** YOUR OBJECTIVE **
When you write out the listing, keep every character and omit the pictures.

** DATASET EXCERPT **

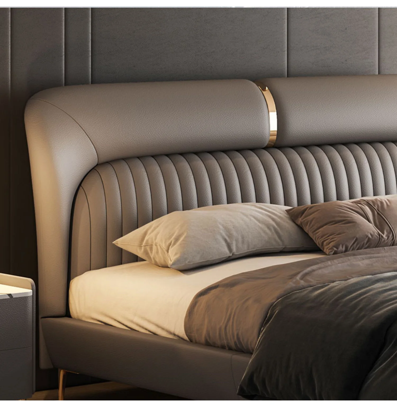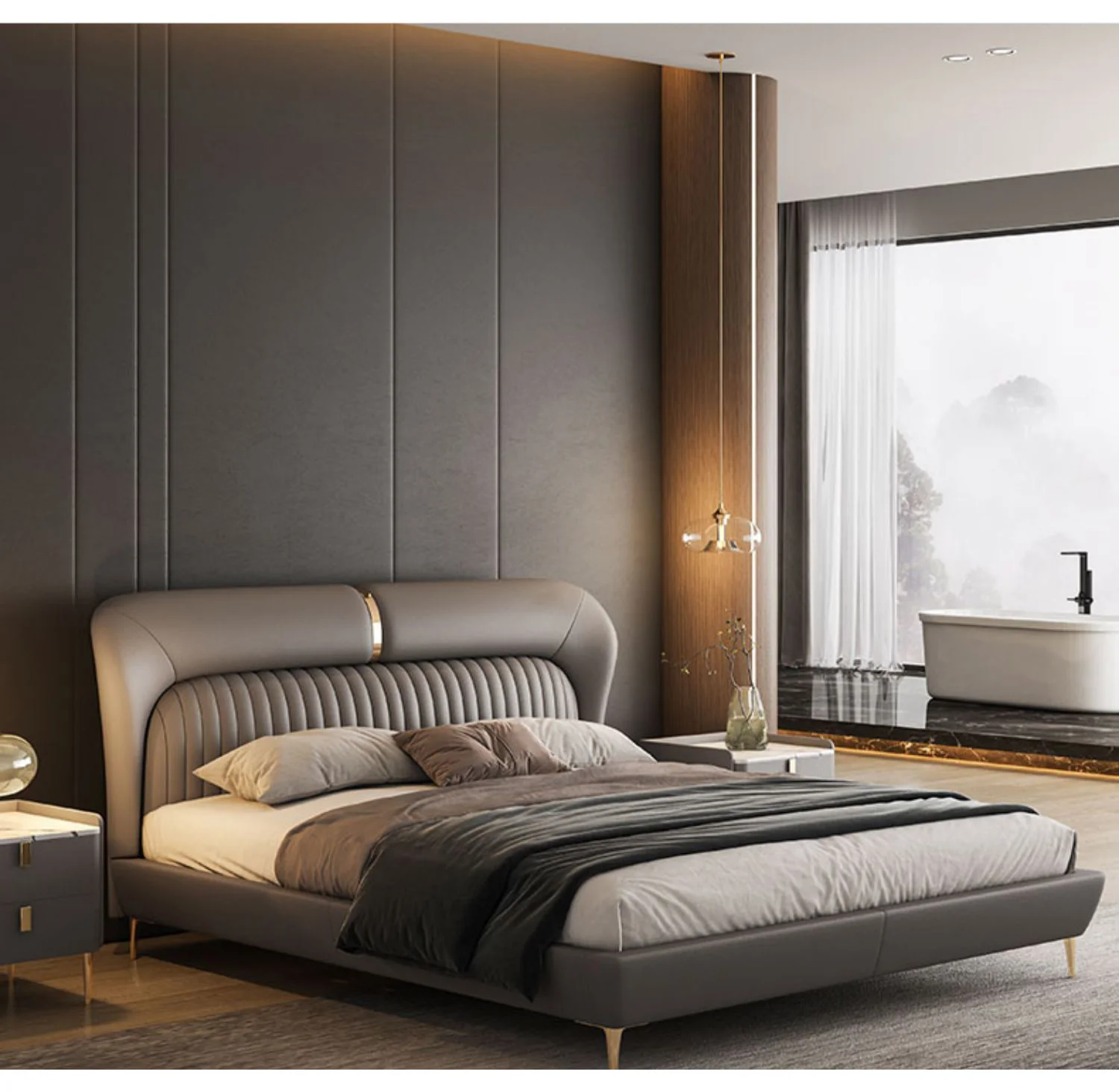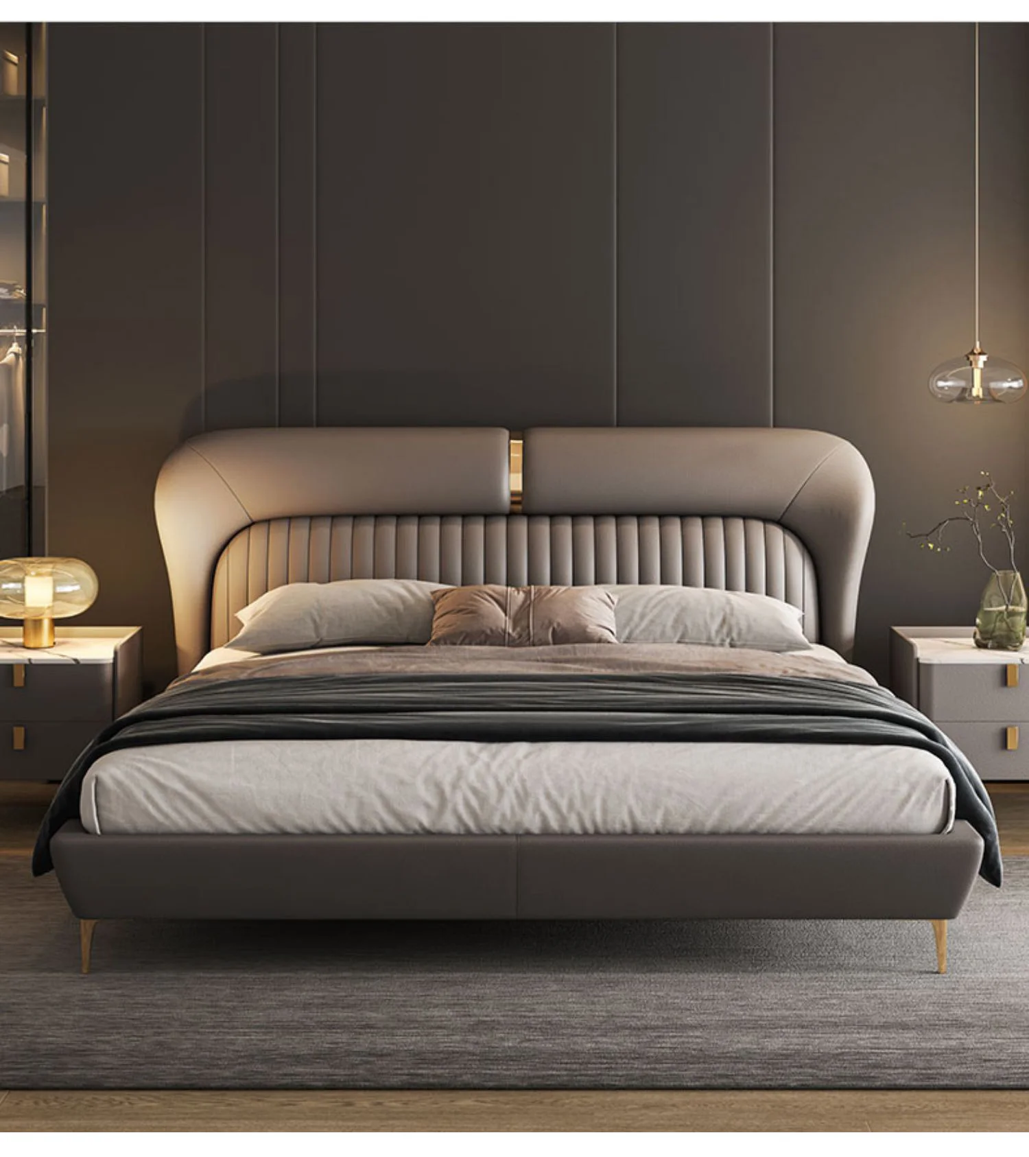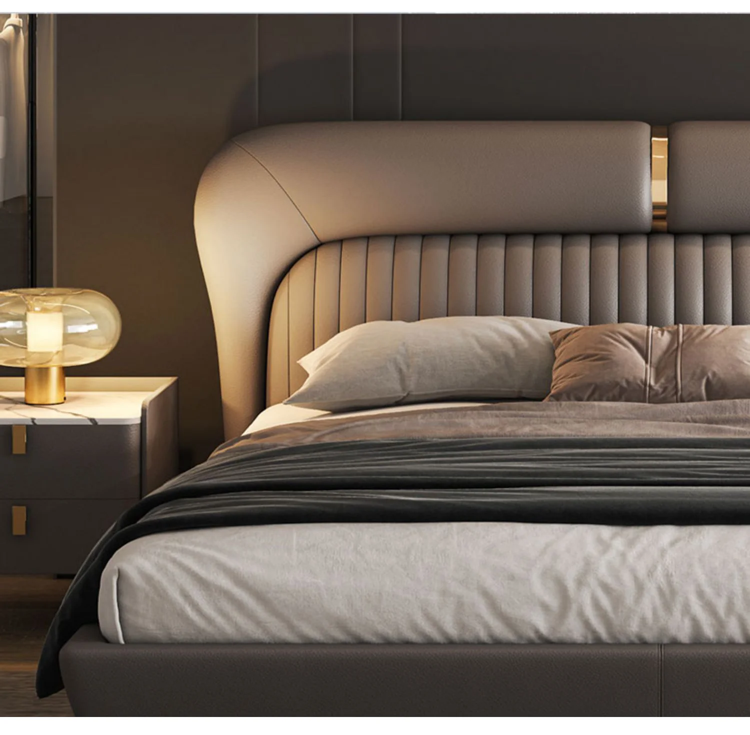 Leather Bed Light Luxury Modern Minimalist Master Bedroom Double Upholstered Bed Minimalist Design High-End Wedding Bed
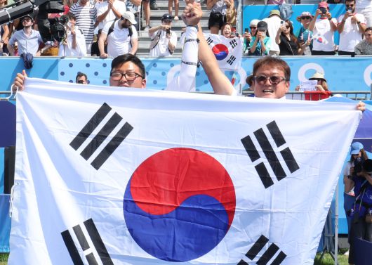 지난해 8월 4일(현지시간) 프랑스 파리 레쟁발리드에서 열린 2024 파리올림픽 양궁 남자 개인전 미국의 브레이디 엘리슨과의 결승에서 승리한 한국 김우진이 박성수(오른쪽) 감독과 태극기를 들고 관중에게 인사하고 있다. (연합뉴스) |
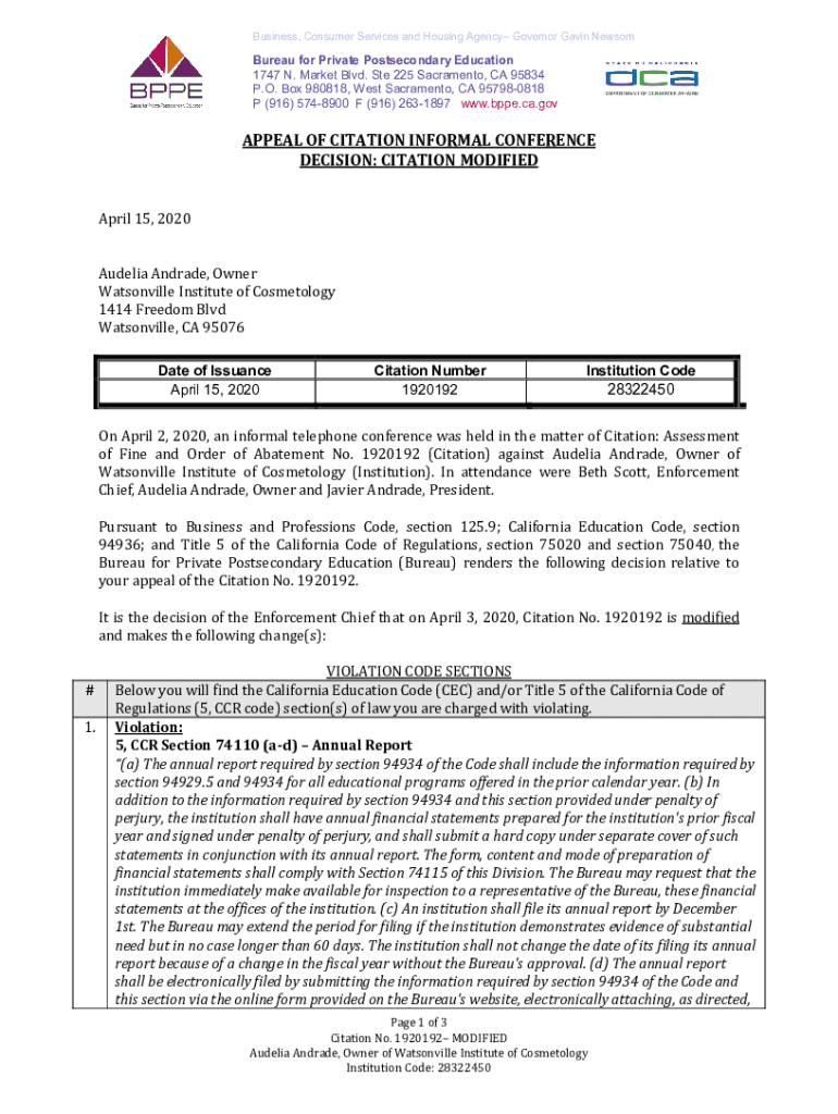 Get the free Bureau for Private Postsecondary Education - Watsonville Institute of Cosmetology -M...

** ANSWER SPACE **
 Leather Bed Light Luxury Modern Minimalist Master Bedroom Double Upholstered Bed Minimalist Design High-End Wedding Bed
 지난해 8월 4일(현지시간) 프랑스 파리 레쟁발리드에서 열린 2024 파리올림픽 양궁 남자 개인전 미국의 브레이디 엘리슨과의 결승에서 승리한 한국 김우진이 박성수(오른쪽) 감독과 태극기를 들고 관중에게 인사하고 있다. (연합뉴스) |
 Get the free Bureau for Private Postsecondary Education - Watsonville Institute of Cosmetology -M...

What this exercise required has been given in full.